*Data extracted from a collection:*
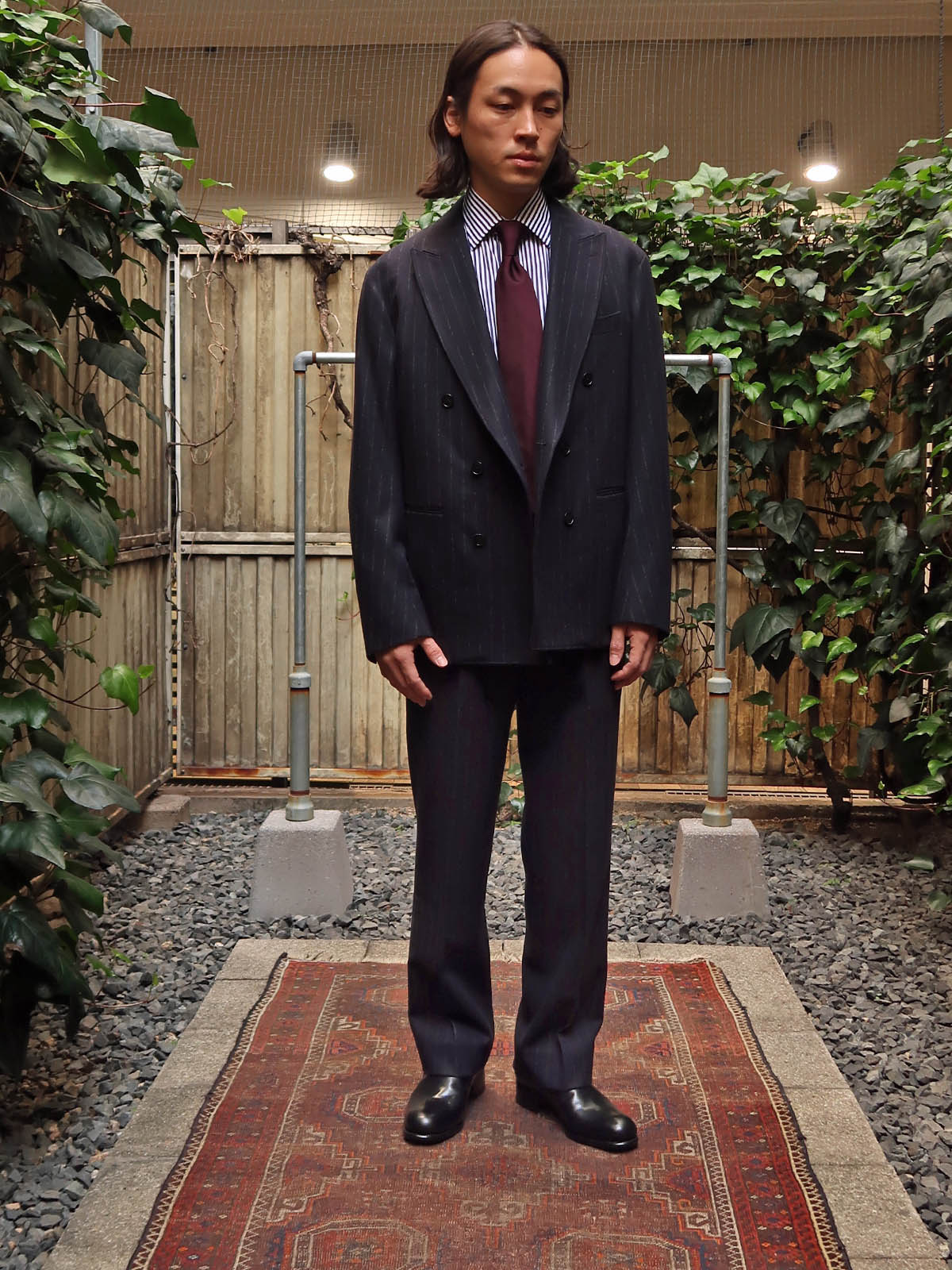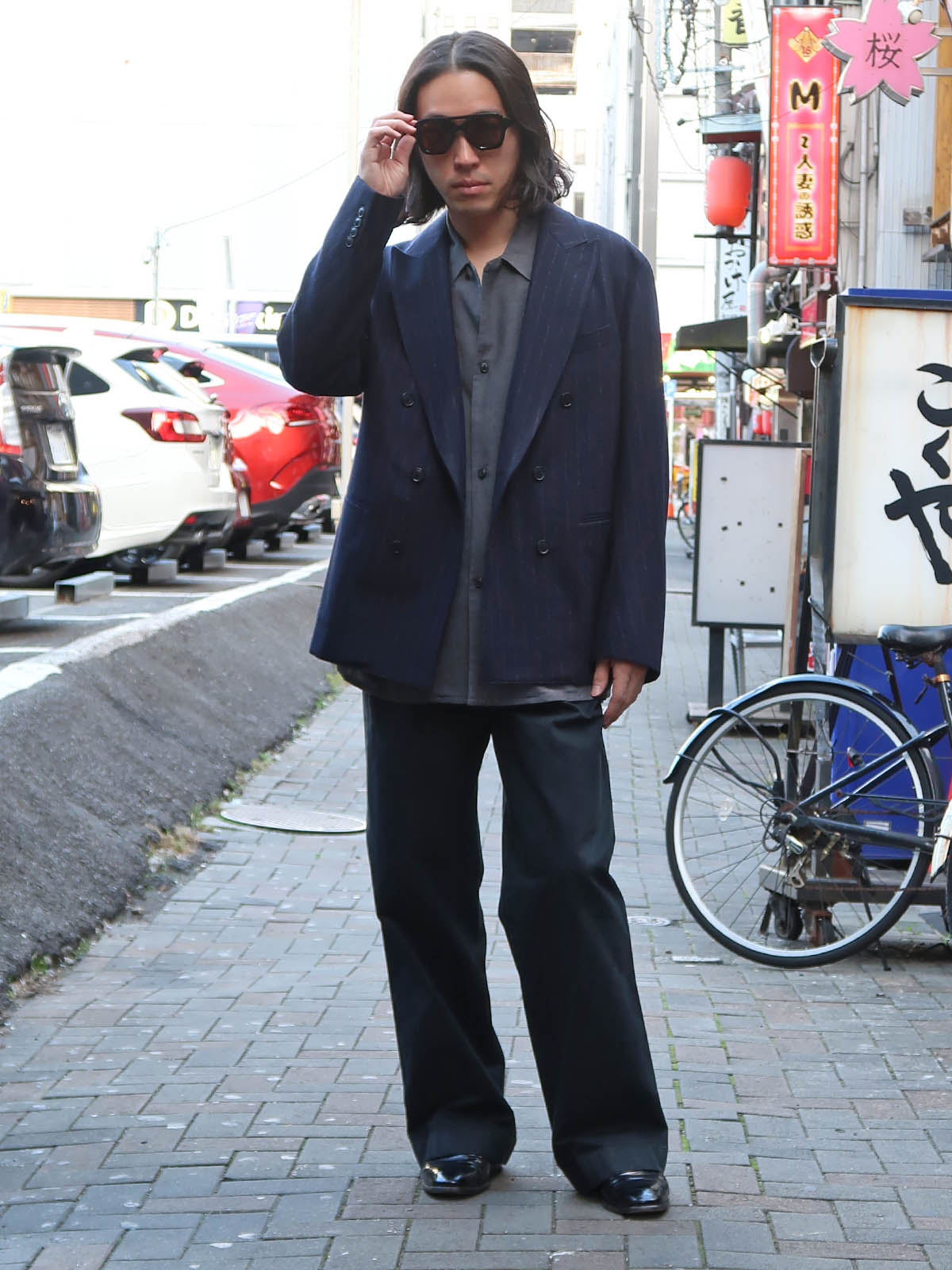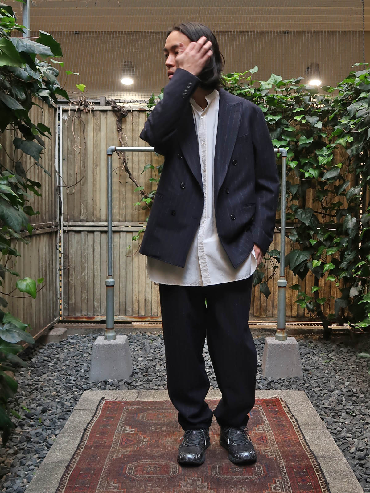 まずはフォーマルを意識したスーツのようなセットアップで。今シーズン初めて作られたドレス仕立てのシャツ”ANTHONY”を合わせたタイドアップスタイルです。ピークドラペルにノーベント、フラップなしのポケットという礼服調の仕様を取り入れつつ、ダーツが入らないボックスシルエットや長すぎない着丈、背抜き仕様などカジュアルな要素も併せ持っているので、どこか砕けたスタイルになります。
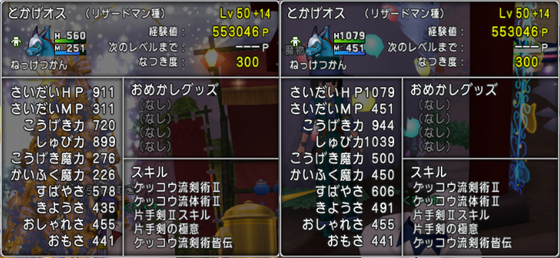 すばやさの値は、どのモンスターもあまり上昇していない部分みたいで
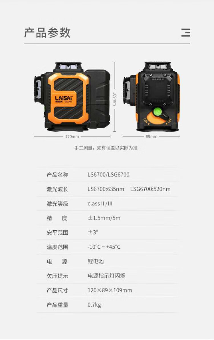 Laisai laser level new 12-line LSG6700 LS6700 infrared laser measuring instrument level high-precision bright light green light 12-line single power/30 mW
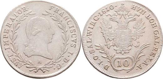 10 Krejcar 1810 A, Vídeň, 3.826g, nep.hr., nep.rysky, pěkná patina R!
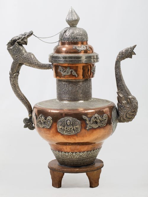 De cobre y metal plateado con decoración de budas y dragones. Faltas
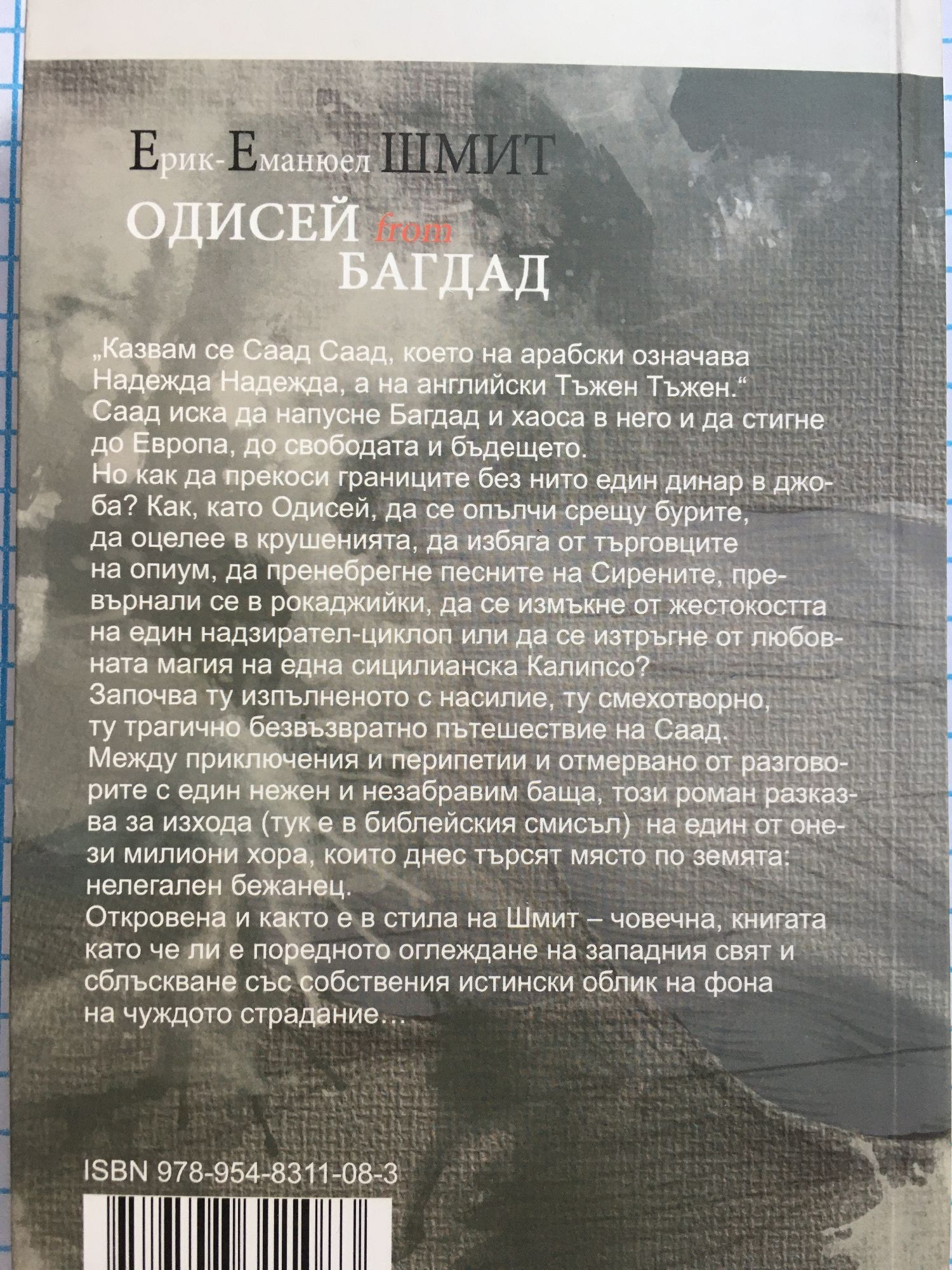 "Казвам се Саад Саад, което на арабски означава Надежда Надежда, а на английски Тъжен Тъжен." Саад иска да напусне Багдад и хаоса в него и да стигне до Европа, до свободата и бъдещето. Но как да прекоси границите без нито един динар в джоба? Как, като Одисей, да се опълчи срещу бурите, да оцелее в крушенията, да избяга от тъговците на опиум, да пренебрегне песните на Сирените, превърнали се в рокаджиййки, да се измъкне от жестокостта на един надзирател-циклоп или да изтръгне от любовната магия на една сицилианска Калипсо?

*ASSIGNMENT:* A word-for-word copy of the lines from the one with "De cobre y metal" through the last line of the data above is required, with both end lines included and no pictures.

*TASK ANSWER:*
 De cobre y metal plateado con decoración de budas y dragones. Faltas
 "Казвам се Саад Саад, което на арабски означава Надежда Надежда, а на английски Тъжен Тъжен." Саад иска да напусне Багдад и хаоса в него и да стигне до Европа, до свободата и бъдещето. Но как да прекоси границите без нито един динар в джоба? Как, като Одисей, да се опълчи срещу бурите, да оцелее в крушенията, да избяга от тъговците на опиум, да пренебрегне песните на Сирените, превърнали се в рокаджиййки, да се измъкне от жестокостта на един надзирател-циклоп или да изтръгне от любовната магия на една сицилианска Калипсо?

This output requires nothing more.